Crystal Eye Studio/Shutterstock

You may know people currently grinding through a PhD program. Job prospects at their university are likely terrible. The pressure to publish is great. And there’s a good chance that they will never work in the academic field they’ve spent nearly a decade contributing to.

The journal Science just published a study that gives a clearer picture of the fate that awaits doctoral students in the United States. The researchers gathered data on 3,000 US PhD students who were given research grants, examining their careers and earnings after graduation, in order to see whether the public investments in doctoral research programs contribute to the economy.

phd final

Javier Zarracina/Vox

Within a year of graduating, 38 percent of PhD students went to jobs in industry. Another 57 percent stayed in academia, and 4 percent went to work for government.

Overall earnings varied a lot by field. Those who graduated from programs related to math, computer science, and engineering earned the most, averaging about $65,000 per year. On the low end, biology students’ average earnings were only $36,000. (The researchers noted this may be because only about one-third of biology PhDs went into industry, and many took postdoctoral positions, which aren’t typically lucrative.) Arts and humanities majors fared the worst, earning closer to $25,000.
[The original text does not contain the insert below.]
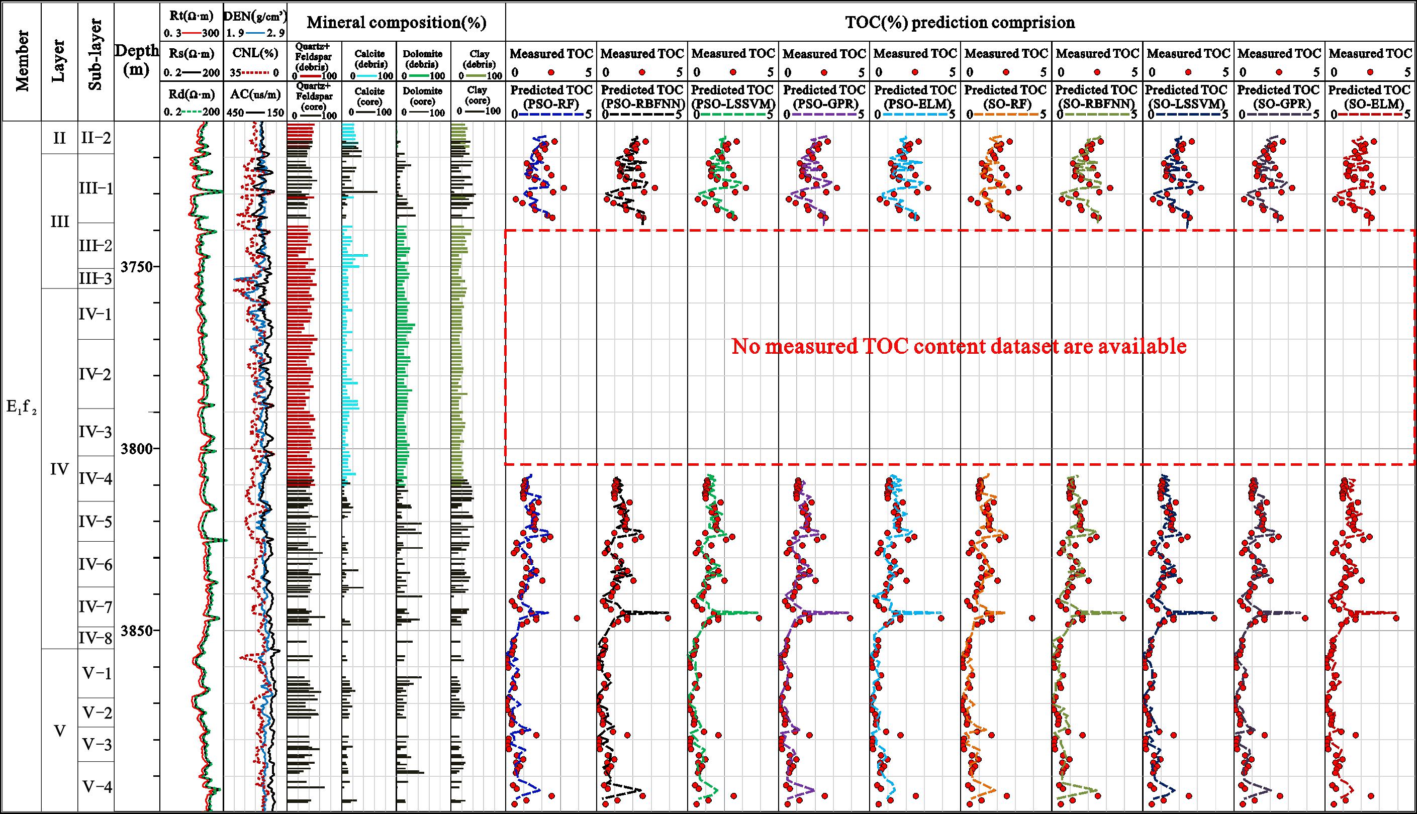 在页岩油气评价中,利用测井资料准确预测烃源岩总有机碳(TOC)含量,是识别和评价优质储层的重要基础。然而,现有基于物理模型的方法(如ΔlogR法和基于密度的计算方法)往往受限于参数难以准确确定、模型敏感性强及适用性有限等因素,在强非均质性页岩体系中难以保持稳定的预测精度。与此同时,随着测井数据规模的持续增长,数据驱动方法已成为TOC反演的重要补充;但传统机器学习模型普遍依赖人工经验调整超参数,其性能易受调参质量制约,往往难以获得最优的模型表达,导致预测准确性与泛化能力均遇到明显瓶颈。尤其在地质非均质性强、样本规模有限的条件下,传统方法更难充分刻画测井响应与有机质丰度之间复杂的非线性关系。因此,亟需构建一种能够自动优化模型超参数、提升预测精度与稳定性的智能化TOC反演框架,以突破物理模型精度不足与传统机器学习调参依赖性强这双重瓶颈,从而为非常规储层评价与开发提供更可靠的技术支撑。

Unsurprisingly, the PhDs who went to work in industry made more than these averages suggest. Computer science and math students who went into the private sector earned about $90,000, while those in engineering earned around $80,000.

So did these doctorates contribute to the economy?

The researchers think so. Many PhDs found jobs in areas near their universities or labs, contributing their knowledge to the local economy. They also disproportionately worked “at establishments with high payroll per worker and in high-tech and professional service industries,” the researchers wrote.

But the data was only descriptive. It didn’t test, for example, whether areas with a higher concentration of PhDs had more robust economic outlooks, so the researchers could not establish a causal relationship between PhD output and economic growth. The data was also limited, representing only eight universities in the Midwest (Indiana, Iowa, Michigan, Minnesota, Ohio State, Purdue, Penn State, and Wisconsin) at one snapshot in time (2009 to 2011).